Now we have 71,290 terms in the vocabulary and are ready to construct term-co-occurence matrix (TCM).

```
# Use our filtered vocabulary
vectorizer <- vocab_vectorizer(vocab)
# use window of 5 for context words
tcm <- create_tcm(it, vectorizer, skip_grams_window = 5L)
```

Now we have a TCM matrix and can factorize it via the GloVe algorithm.

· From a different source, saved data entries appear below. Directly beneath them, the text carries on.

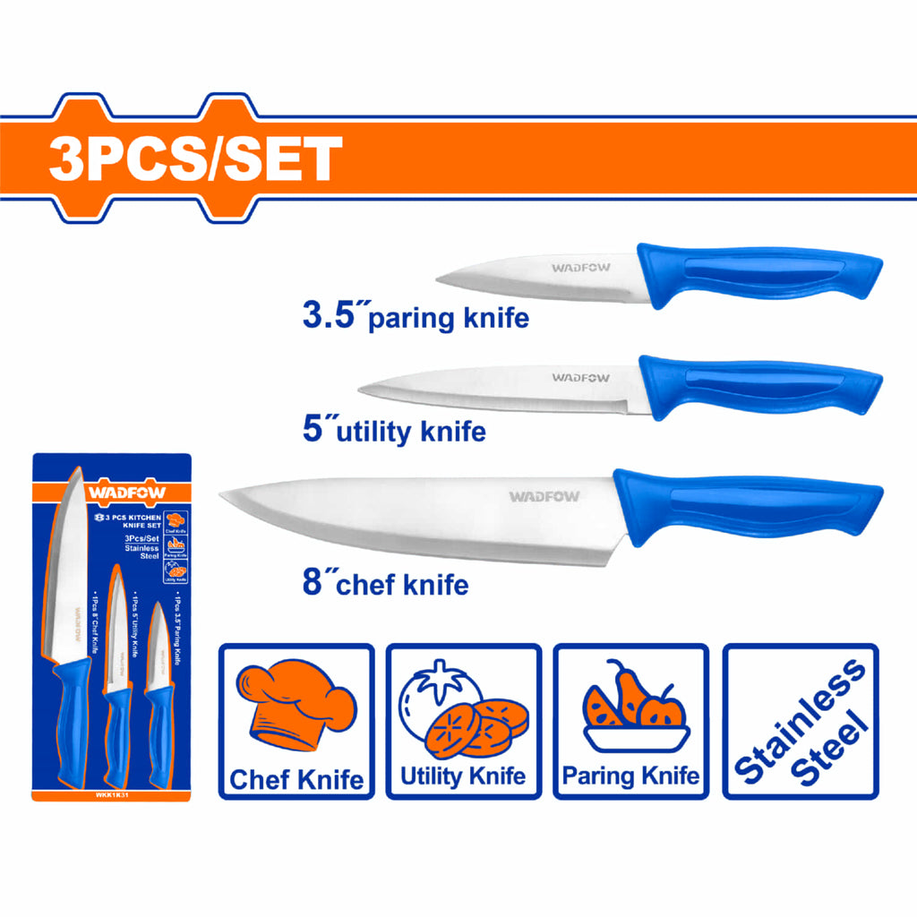 | Características | Juego de cuchillos de cocina de 3 piezas. Incluye:1 cuchillo de chef de 8 ", 1 cuchillo utilitario de 5" , 1 cuchillo de pelar de 3.5 " |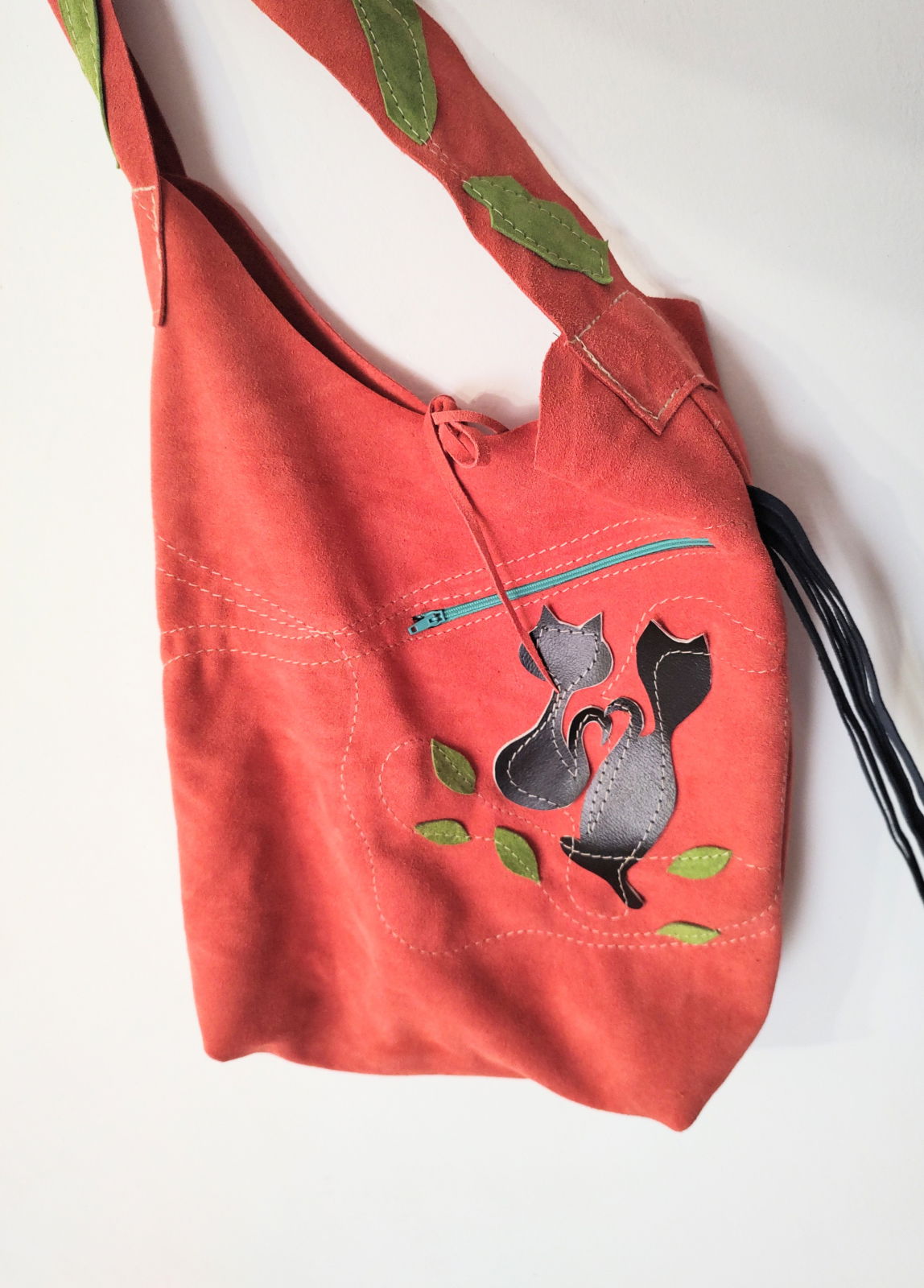 Geanta sac din piele naturala întoarsă roșie ,cu pisicute ,unicat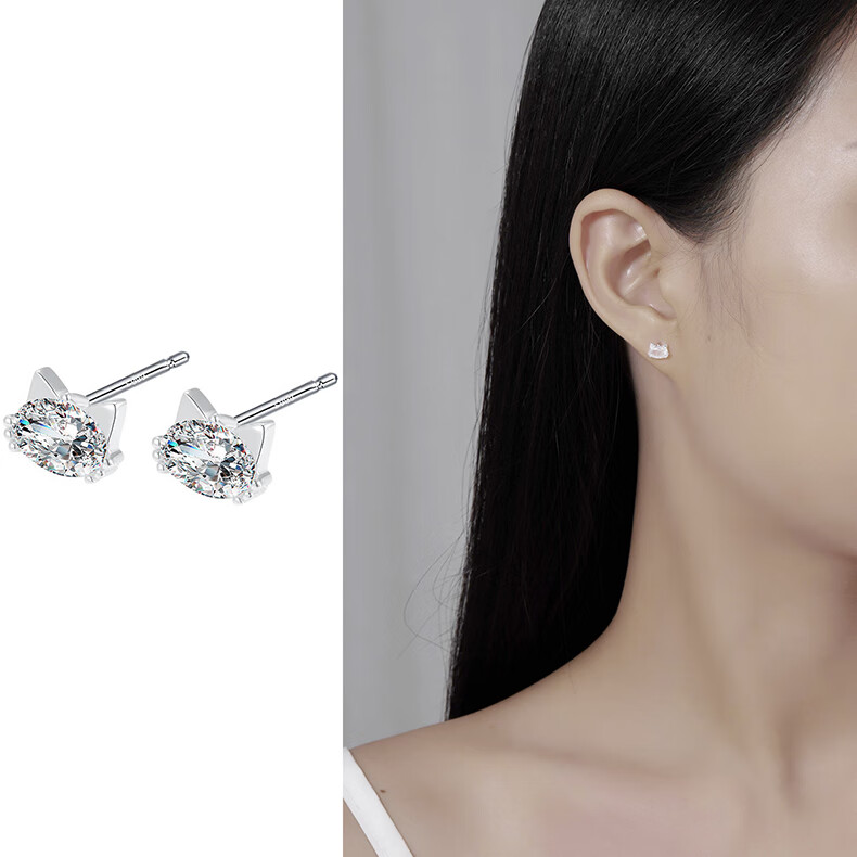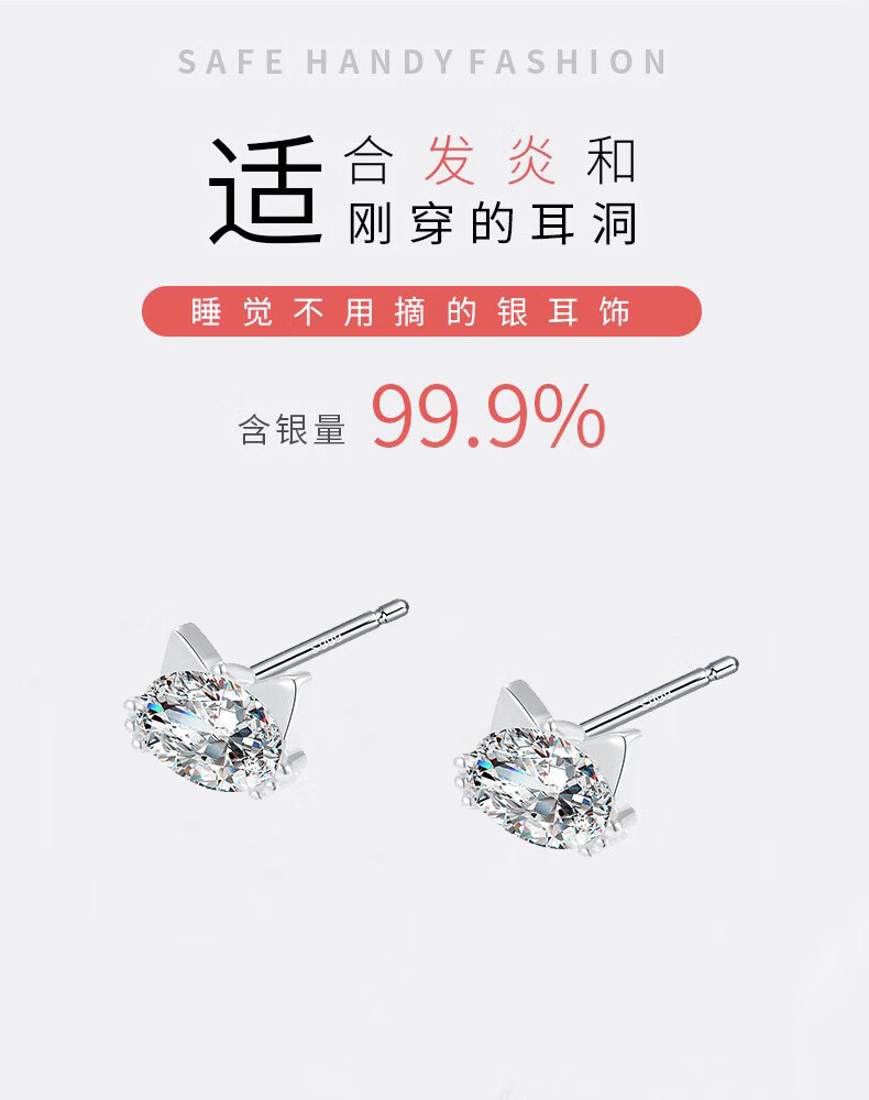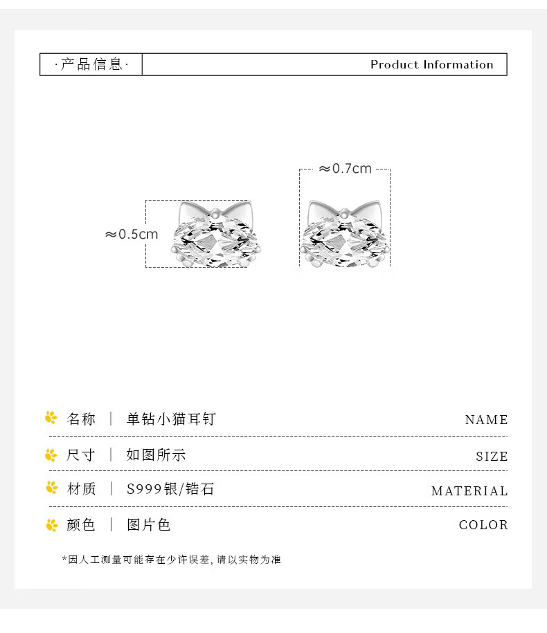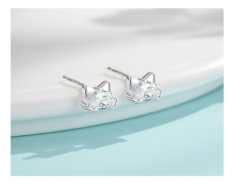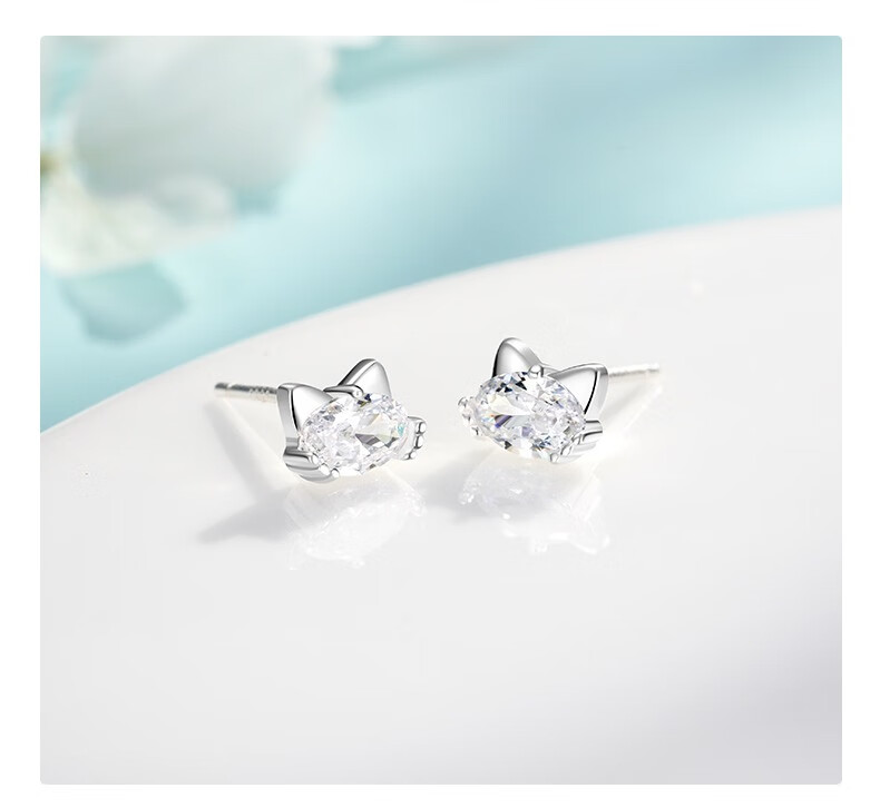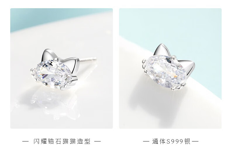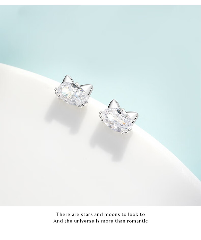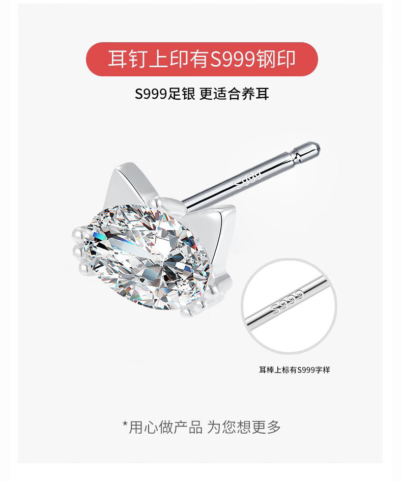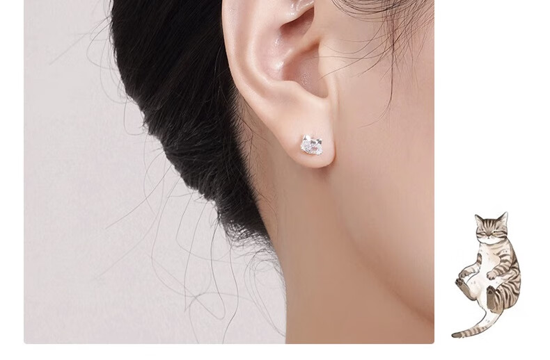 Holycat Cat in Arms 999 pure silver single diamond kitten earrings girl birthday gift pierced earrings versatile women's ear jewelry 999 silver single diamond kitten earrings pair

text2vec uses a parallel stochastic gradient descent algorithm. By default it will use all cores on your machine, but you can specify the number of cores if you wish. For example, to use 4 threads call `RcppParallel::setThreadOptions(numThreads = 4)`

.

Let’s fit our model. (It can take several minutes to fit!)

```
glove = GlobalVectors$new(word_vectors_size = 50, vocabulary = vocab, x_max = 10)
glove$fit(tcm, n_iter = 20)
# 2016-10-03 10:09:14 - epoch 1, expected cost 0.0893
# 2016-10-03 10:09:17 - epoch 2, expected cost 0.0608
# 2016-10-03 10:09:19 - epoch 3, expected cost 0.0537
# 2016-10-03 10:09:22 - epoch 4, expected cost 0.0499
# 2016-10-03 10:09:25 - epoch 5, expected cost 0.0475
# 2016-10-03 10:09:28 - epoch 6, expected cost 0.0457
# 2016-10-03 10:09:30 - epoch 7, expected cost 0.0443
# 2016-10-03 10:09:33 - epoch 8, expected cost 0.0431
# 2016-10-03 10:09:36 - epoch 9, expected cost 0.0423
# 2016-10-03 10:09:39 - epoch 10, expected cost 0.0415
# 2016-10-03 10:09:42 - epoch 11, expected cost 0.0408
# 2016-10-03 10:09:44 - epoch 12, expected cost 0.0403
# 2016-10-03 10:09:47 - epoch 13, expected cost 0.0400
# 2016-10-03 10:09:50 - epoch 14, expected cost 0.0395
# 2016-10-03 10:09:53 - epoch 15, expected cost 0.0391
# 2016-10-03 10:09:56 - epoch 16, expected cost 0.0388
# 2016-10-03 10:09:59 - epoch 17, expected cost 0.0385
# 2016-10-03 10:10:02 - epoch 18, expected cost 0.0383
# 2016-10-03 10:10:05 - epoch 19, expected cost 0.0380
# 2016-10-03 10:10:08 - epoch 20, expected cost 0.0378
```

Alternatively we can train model with R’s `S3`

interface (but keep in mind that all text2vec models are R6 classes and they are mutable! So `fit`

, `fit_transform`

methods modify models!):

```
glove = GlobalVectors$new(word_vectors_size = 50, vocabulary = vocab, x_max = 10)
# `glove` object will be modified by `fit()` call !
fit(tcm, glove, n_iter = 20)
```

And now we get the word vectors:

`word_vectors <- glove$get_word_vectors()`

We can find the closest word vectors for our *paris - france + germany* example:

```
berlin <- word_vectors["paris", , drop = FALSE] -
word_vectors["france", , drop = FALSE] +
word_vectors["germany", , drop = FALSE]
cos_sim = sim2(x = word_vectors, y = berlin, method = "cosine", norm = "l2")
head(sort(cos_sim[,1], decreasing = TRUE), 5)
# berlin paris munich leipzig germany
# 0.8015347 0.7623165 0.7013252 0.6616945 0.6540700
```

You can achieve much better results by experimenting with `skip_grams_window`

and the parameters of the `GloVe`

class (including word vectors size and the number of iterations). For more details and large-scale experiments on wikipedia data see this old post on my blog.